Duncan Bridgeman called MAG from Sevenoaks, Kent, a peaceful, middle-class corner of the UK. It’s worlds away from the remote global climes he and Jamie Catto (Faithless) travelled to for their second One Giant Leap project. “People have lovely Rhododendrons in their gardens here, but no carrots or potatoes,” he says. “We rely on supermarkets. If the food supply broke down, it would be a very different place.” If his words have gravitas, his tone says ‘seen it all’; Bridgeman spent years producing commercial music (“you produce a lot of shit to pay the bills”) and needed something more. 2002’s One Giant Leap — a travelogue documenting the world’s oneness of spirit through image and film, was a triumph. But where this used music to illustrate unity, the follow-up is squarely about conflict and contradiction.
“For What About Me? we wanted to look at how we (the world) are unified by our collective madness – on a global level, down to the family and then the individual,” he says. “We wanted to show what’s going on, and hopefully inspire people to think about the world we’re living in. Music makes this message palatable.” Interweaving commentary from figures as diverse as academic Noam Chomsky, comedian Stephen Fry, author Eckhart Toll, Sir Bob Geldof (above right) with music footage shot around the globe, What About Me? succeeds in documenting our battle with the world’s madness, through war, capitalism, organised religion and more. For such potentially portentous subject matter, it’s provocative and entertaining.
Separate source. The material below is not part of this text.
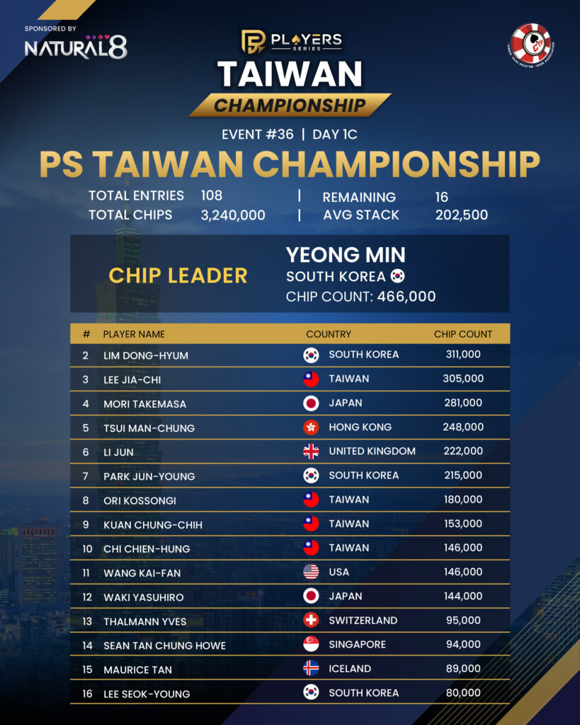 - Play, where possible, will commence 9-handed and move to 8-handed on Day 2.

Journeying to Asia, Brazil, The Middle East and nine African nations, Bridgeman and Catto recorded with 50 different musicians wherever they could, in villages, streets, houses; they even recorded Chinese rappers in Tiananmen Square (avoiding the prying eyes of authorities).
“When I take my music around the world and get people to join in, it’s an epiphany every time,” he offers reflectively. “It still amazes me how well the concept works. People from different places playing the same piece of music is something you’d never think would work!” Bridgeman has obviously come a long way from producing Transvision Vamp albums in the ’80s. What has One Giant Leap taught him?
“Our belief in money as a solid, dependable force has been pulled away. Maybe a belief in God is easier? A lot’s been perpetrated in the name of God, but there are many visions of God. Eckhart Toll says ‘If you try and talk to God before you realise your own madness inside, you then transmit that madness onto God.’”
What About Me? is available on DVD now.